Let’s Address Indiana’s Growing Mental Health Crisis – Indianapolis Business Journal

Indiana is in the midst of a mental health crisis.

In a recent study by Mental Health America, Indiana was ranked 41st in the nation for mental health status among adults, based on prevalence of mental illness and access to care, and 23rd for adults. kids. Behind these dismal rankings are Hoosiers in communities across our state that have been harmed by the devastating effects of untreated mental illness.

This spring, the Indiana Behavioral Health Commission asked the Fairbanks School of Public Health to examine the cost of untreated mental illness. From that position, Fairbanks published a study that revealed some staggering facts about Indiana’s mental health. Approximately one in five Hoosiers experience a mental illness each year. For every four Hoosiers treated for mental illness, another Hoosier does not receive treatment.

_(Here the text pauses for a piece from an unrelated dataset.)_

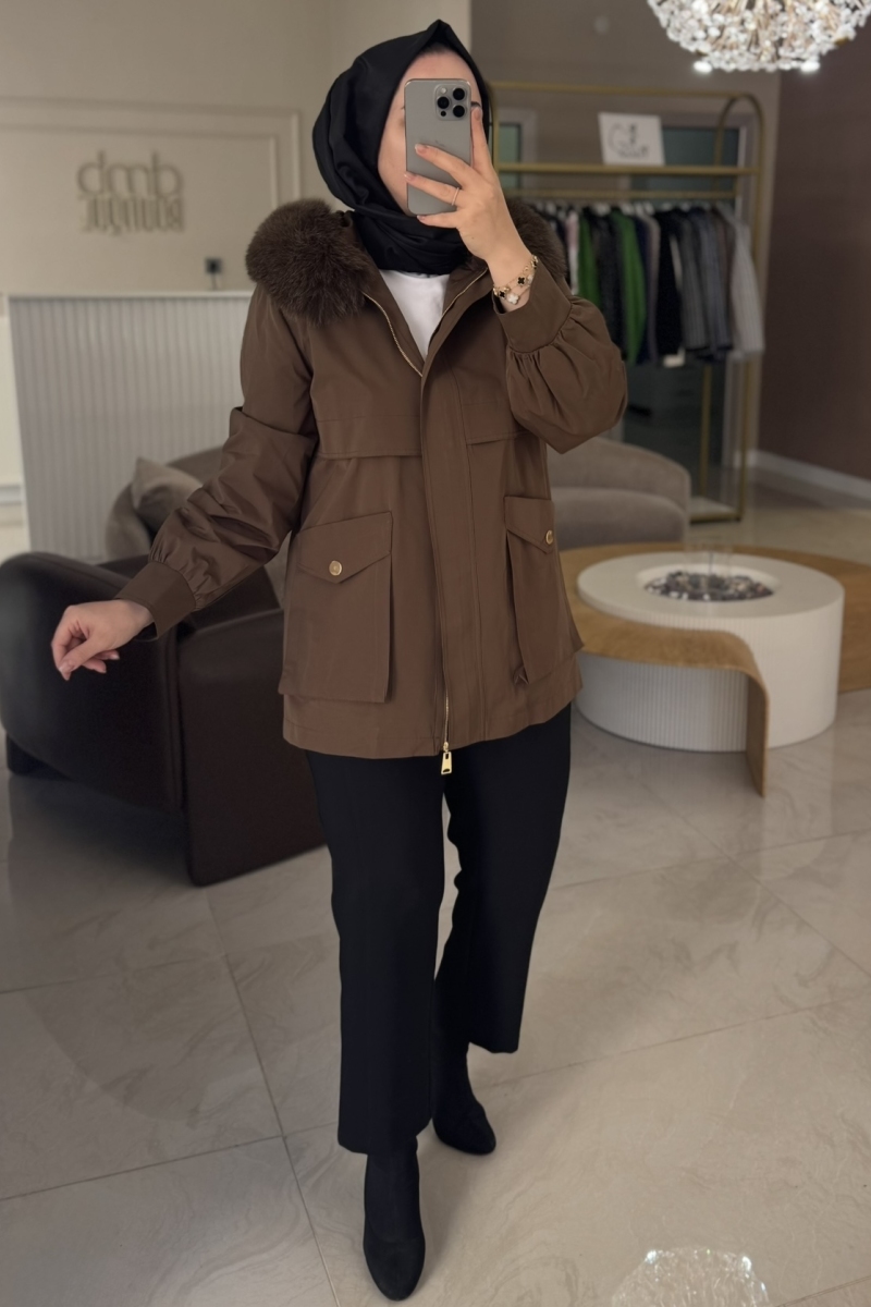 Lısa Exclusıve Haki Orijinal Çıkarılabilir Kürklü Parka
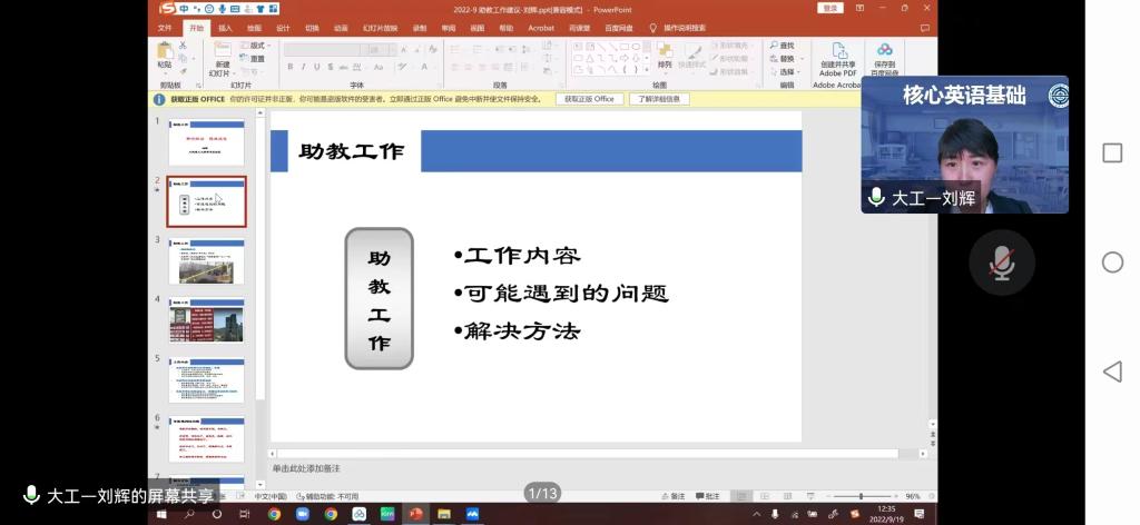 为继续深化研究生教育综合改革,使助教工作成为提高研究生培养质量和促进本科教学质量提升的“双抓手”,同时根据各级政府部门和学校的有关要求,结合学校对教学工作安排调整,公共教学资源部积极规划工作流程采用在线培训的方式组织开发区校区研究生助教专题培训。培训于9月19日12:30在腾讯会议以在线直播的形式进行,共有107名助教参加了此次培训。

When a person does not receive help, the damage of mental illness can be deadly. In 2020, Indiana lost 1,079 Hoosiers to suicide. Additionally, mental illness is linked to many serious chronic diseases, such as diabetes and heart disease.

Each year, the economic burden of untreated mental illness in Indiana exceeds $4.2 billion. This includes direct costs like healthcare, incarceration, and homeless shelter expenses, and indirect costs like lost productivity due to absenteeism, premature mortality, and caregiver expenses.

The impact of untreated mental illness in Indiana, present and future, cannot be underestimated. And yet we don’t have the mental health infrastructure to provide care to thousands of people who need it.

In September, the Indiana Behavioral Health Commission issued a report that identified specific concerns, including lack of communication and collaboration across systems, access to preventive services, and consistency in care across the state. From people in crisis to people trying to get care in the community, the current system is ineffective and inefficient. The primary entry point is often involvement with the police or an emergency room, and then there are delays in linkage to needed care. These breaches are affecting the people who are suffering, their families, law enforcement, hospitals, community and state resources.

Under the leadership of Governor Eric Holcomb and Lieutenant Governor Suzanne Crouch, the state has taken important steps to close these gaps and begin building, for the first time, a functioning mental health infrastructure. In 2020, Congress passed a law by unanimous vote to establish 988 as the emergency number for responses to behavioral crises, replacing a patchwork system of state and local efforts. Indiana has used one-time federal funds for the 988 transition to begin building a comprehensive crisis response system. Indiana has also made significant progress in improving the justice system’s response to mental illness. However, there is still much work to be done.

In January, Sen. Mike Crider, Republican of Greenfield, will introduce legislation to advance the main recommendations of the Behavioral Health Commission report, with two main focal points.

First, the legislation will create sustainable funding for a statewide crisis response system by mirroring the cell phone surcharge currently used to fund Indiana’s 911 system. Second, the legislation will support Indiana’s transition to the Certified Behavioral Health Community Clinic model, which has shown great success in increasing access to care in many other states.

With these two important pieces, Indiana can take bold and radical steps to improve access to mental health care for Hoosiers. We urge the General Assembly to give the commission’s recommendations and this critical legislation careful consideration for the well-being of our state, now and for generations to come.•


Lechleiter and Evans are members of the Indiana Mental Health Roundtable. Lechleiter was CEO of Eli Lilly and Co. Evans was CEO of Indiana University Health.